» **PROBLEM REQUIREMENTS**: Without the pictures, reproduce the entries below exactly.

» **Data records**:

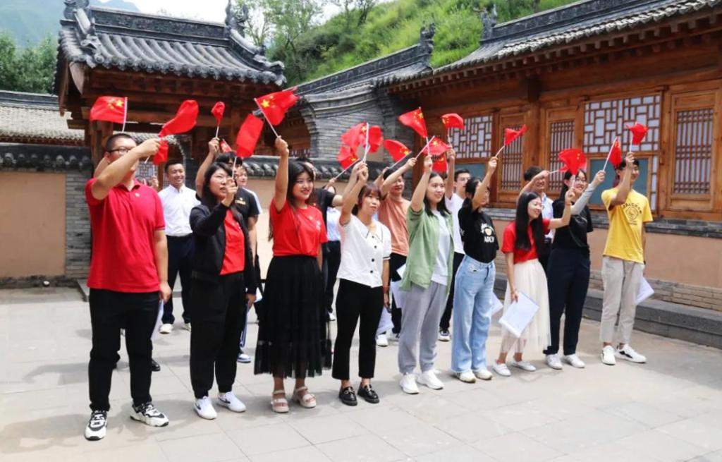 座談會后,正式開啟了此次實踐活動的第一站。學生們在毛主席路居伯強紀念館前重溫入黨誓詞??h委書記崔崢嶺專程到伯強,與同學們共同參觀了路居館,深入了解伯強的紅色基因和中國共產黨領導下的繁峙經濟社會發(fā)生的巨大變化。
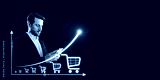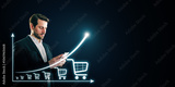 Businessman with Smartphone and Shopping Cart Growth Graph on Dark Background.
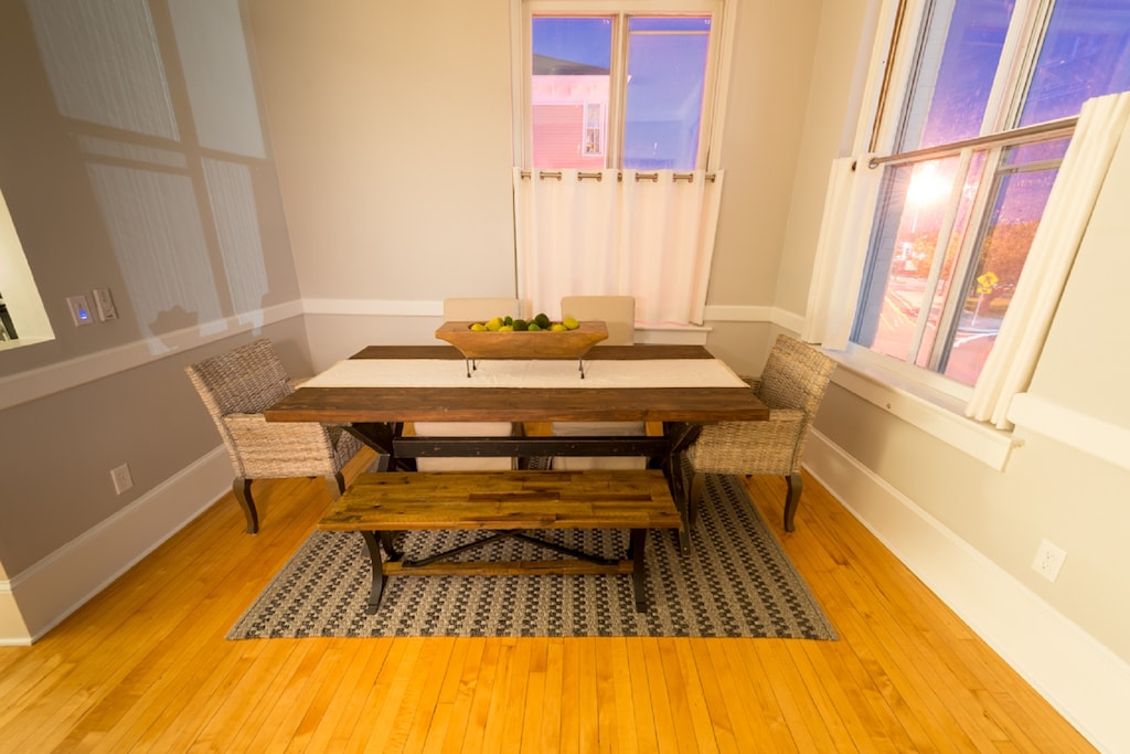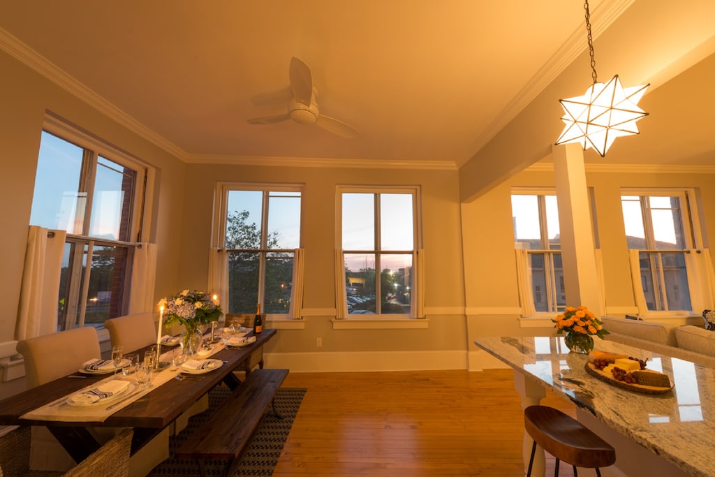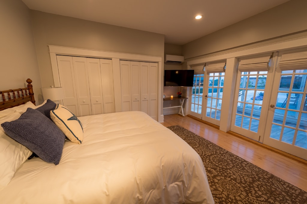 This two bedroom Loft is in a charming building, dating back to the 1800’s! Cathedral ceilings and large windows accent the main floor living and dining area. The Loft’s first floor features a fully equipped kitchen, living room with a queen size sofa bed, dining room, bathroom and one bedroom with a king size bed. On the second floor is a master suite with a king size bed, spa like bathroom, kitchenette and private rooftop sun room and deck. Watch the sunset from the roof deck and see the ships sail in the harbor.
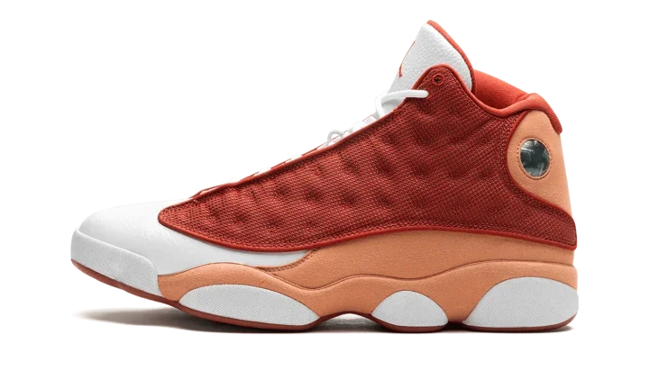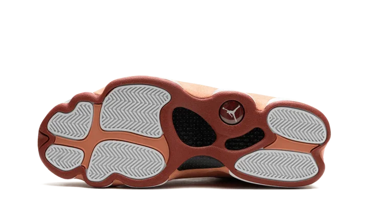 The Air Jordan 13 "Dune Red" is a colorway of the retro basketball shoe inspired by Mars exploration. The Jordan 13 in the "Dune Red" style is complete with a Dune Red and Terra Blush suede color combination on its dotted upper and mudguard. The toe and tongue are constructed in white leather to match the color of the midsole walls. The colorway retains the Jordan 13's original panther eye-inspired holographic emblem on the collar. A classic Jumpman appears on the white leather tongue. A "Jordan" tab is seen on the vamp. Release date: Summer 2024
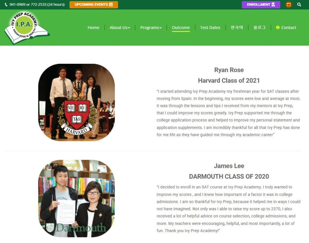 이런 이 원장의 정성과 열정에 학생들도 실적으로 화답했다. 그 간 이 원장 스타일의 프로그램을 잘 실천한 학생들은 하버드대, 다트머스대, 뉴욕 대 등 미국 명문 대학교에 진학했다.
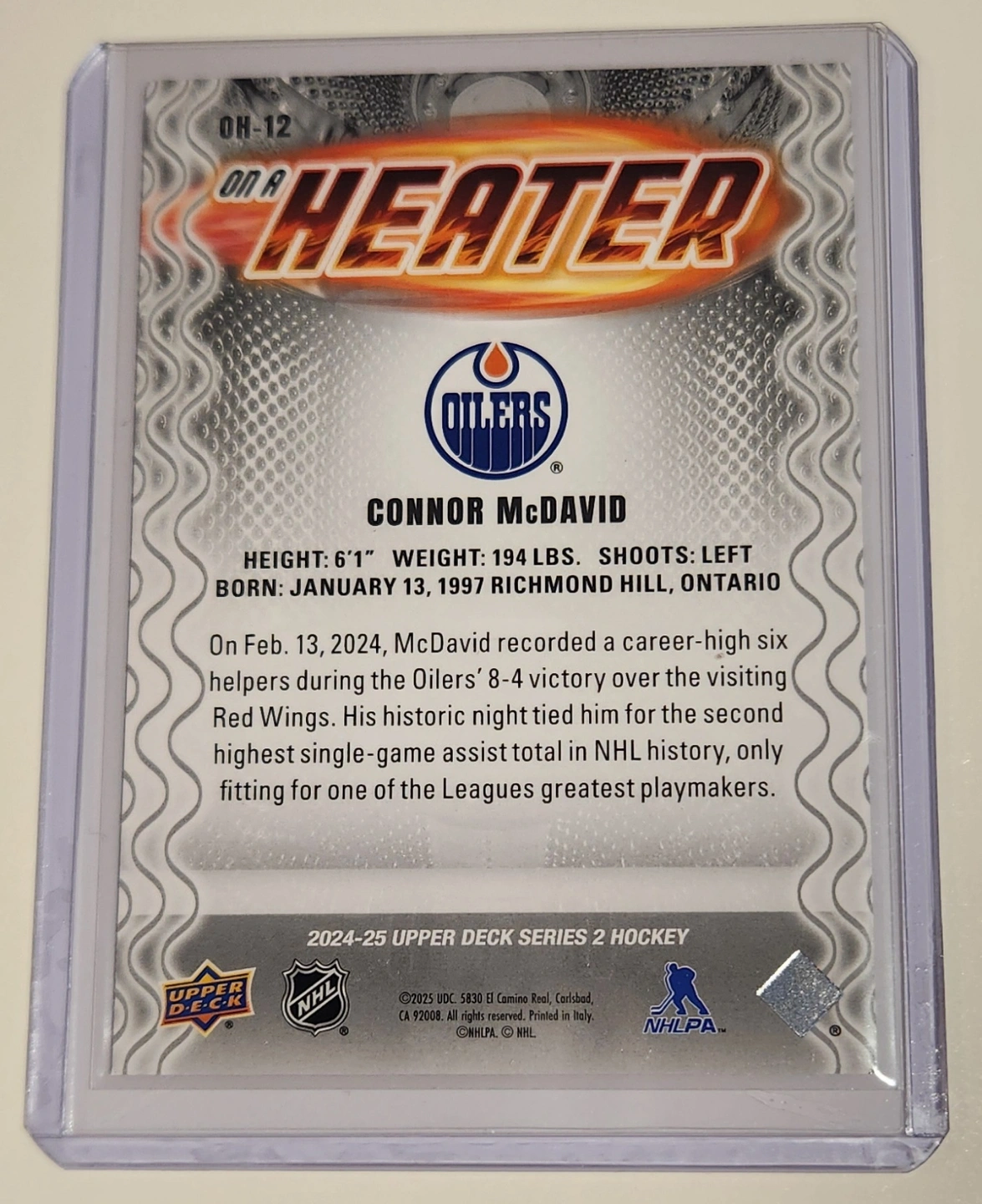 Hi there! - yes, the hockey cards pictured are 100% available, no need to ask, only to message to pick up or ask questions based on the photos provided - located at M8V 1G5 & I will provide the full address if you are interested in picking up. Not offering shipping. Kindly asking for cash upon purchase. Price is firm however, I am offering bundle deals and discounts If you're looking to purchase other items from my listings. Please see below - please be kind and respectful :) Selling as a pair for $10 or individual asking prices below: Edmonton Oilers Hockey Cards Connor McDavid Green Dazzler Series 1 ($7) Connor McDavid On a Heater Series 2 ($5) Upper Deck series inserts 2024-2025 Final picture in listing is Ryan Nugent-Hopkins Outburst, asking $7 as well. Or, you can add it to the bundle for $4. For a total of $14 for all 3 cards. Mint - from pack to protector/sleeve immediately. Check out my listings for more Collectibles, Comics, Cards, Sports Memorabilia, Funko Pops and Soda, and much more. No trades. Thank you for taking the time to read the description.
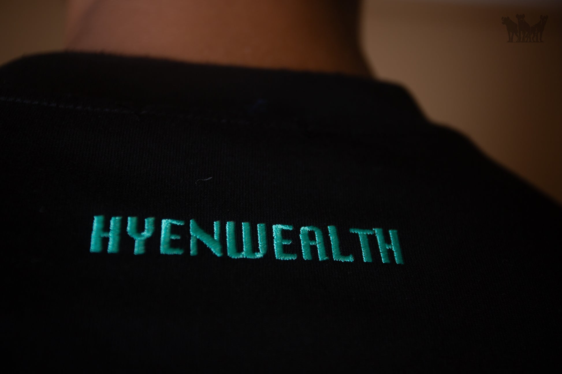 - Broderie inscription "HYENWEALTH" au niveau de la nuque
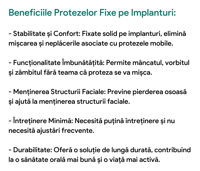 Protezele fixe pe implanturi reprezintă o soluție modernă care oferă stabilitate și confort, eliminând neplăcerile asociate cu protezele mobile. Fixate solid pe implanturi dentare, acestea permit pacienților să mănânce, să vorbească și să zâmbească fără teama ca protezele să se miște. Acest tip de restaurare nu doar îmbunătățește funcționalitatea și estetica, ci ajută și la menținerea structurii faciale, prevenind pierderea osoasă care apare în mod obișnuit în cazul edentației. În plus, protezele fixe redau pacienților încrederea și oferă o soluție durabilă care necesită întreținere minimă, fără vizite frecvente la dentist pentru ajustări. Alegând această opțiune, pacienții pot experimenta o viață mai activă și o sănătate orală îmbunătățită pe termen lung.
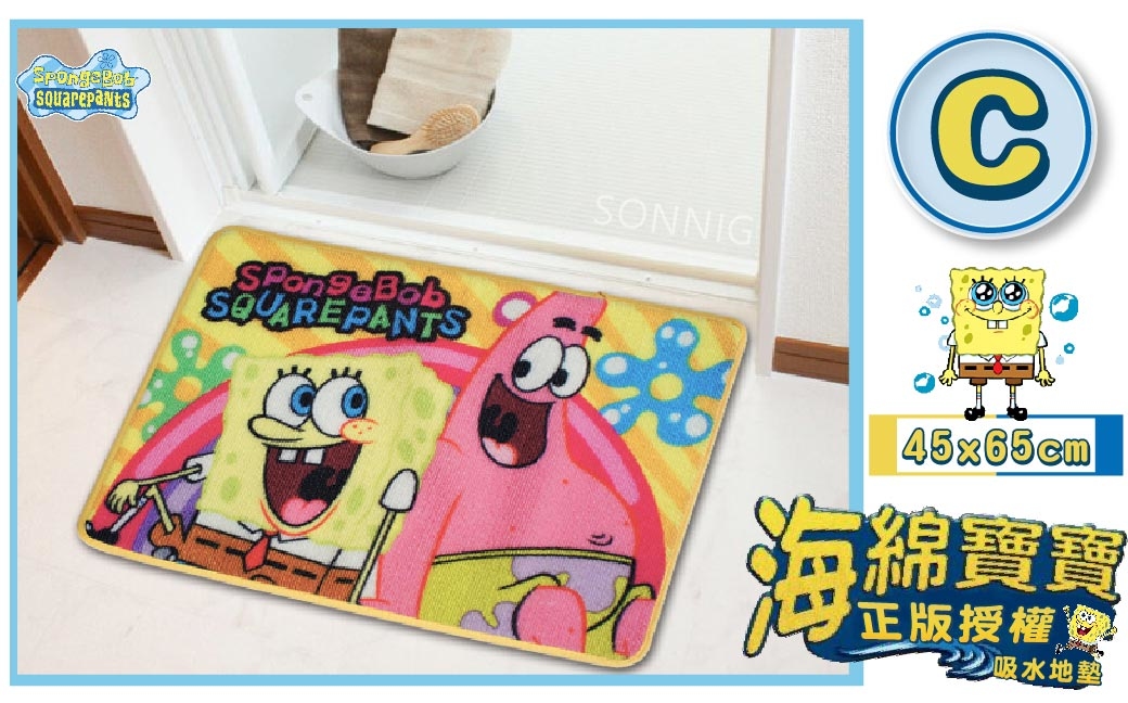 海綿寶寶Nickelodeon正版授權卡通踏墊(45x65cm)_B.SMILE

» **THE ANSWER**:
 座談會后,正式開啟了此次實踐活動的第一站。學生們在毛主席路居伯強紀念館前重溫入黨誓詞??h委書記崔崢嶺專程到伯強,與同學們共同參觀了路居館,深入了解伯強的紅色基因和中國共產黨領導下的繁峙經濟社會發(fā)生的巨大變化。
 Businessman with Smartphone and Shopping Cart Growth Graph on Dark Background.
 This two bedroom Loft is in a charming building, dating back to the 1800’s! Cathedral ceilings and large windows accent the main floor living and dining area. The Loft’s first floor features a fully equipped kitchen, living room with a queen size sofa bed, dining room, bathroom and one bedroom with a king size bed. On the second floor is a master suite with a king size bed, spa like bathroom, kitchenette and private rooftop sun room and deck. Watch the sunset from the roof deck and see the ships sail in the harbor.
 The Air Jordan 13 "Dune Red" is a colorway of the retro basketball shoe inspired by Mars exploration. The Jordan 13 in the "Dune Red" style is complete with a Dune Red and Terra Blush suede color combination on its dotted upper and mudguard. The toe and tongue are constructed in white leather to match the color of the midsole walls. The colorway retains the Jordan 13's original panther eye-inspired holographic emblem on the collar. A classic Jumpman appears on the white leather tongue. A "Jordan" tab is seen on the vamp. Release date: Summer 2024
 이런 이 원장의 정성과 열정에 학생들도 실적으로 화답했다. 그 간 이 원장 스타일의 프로그램을 잘 실천한 학생들은 하버드대, 다트머스대, 뉴욕 대 등 미국 명문 대학교에 진학했다.
 Hi there! - yes, the hockey cards pictured are 100% available, no need to ask, only to message to pick up or ask questions based on the photos provided - located at M8V 1G5 & I will provide the full address if you are interested in picking up. Not offering shipping. Kindly asking for cash upon purchase. Price is firm however, I am offering bundle deals and discounts If you're looking to purchase other items from my listings. Please see below - please be kind and respectful :) Selling as a pair for $10 or individual asking prices below: Edmonton Oilers Hockey Cards Connor McDavid Green Dazzler Series 1 ($7) Connor McDavid On a Heater Series 2 ($5) Upper Deck series inserts 2024-2025 Final picture in listing is Ryan Nugent-Hopkins Outburst, asking $7 as well. Or, you can add it to the bundle for $4. For a total of $14 for all 3 cards. Mint - from pack to protector/sleeve immediately. Check out my listings for more Collectibles, Comics, Cards, Sports Memorabilia, Funko Pops and Soda, and much more. No trades. Thank you for taking the time to read the description.
 - Broderie inscription "HYENWEALTH" au niveau de la nuque
 Protezele fixe pe implanturi reprezintă o soluție modernă care oferă stabilitate și confort, eliminând neplăcerile asociate cu protezele mobile. Fixate solid pe implanturi dentare, acestea permit pacienților să mănânce, să vorbească și să zâmbească fără teama ca protezele să se miște. Acest tip de restaurare nu doar îmbunătățește funcționalitatea și estetica, ci ajută și la menținerea structurii faciale, prevenind pierderea osoasă care apare în mod obișnuit în cazul edentației. În plus, protezele fixe redau pacienților încrederea și oferă o soluție durabilă care necesită întreținere minimă, fără vizite frecvente la dentist pentru ajustări. Alegând această opțiune, pacienții pot experimenta o viață mai activă și o sănătate orală îmbunătățită pe termen lung.
 海綿寶寶Nickelodeon正版授權卡通踏墊(45x65cm)_B.SMILE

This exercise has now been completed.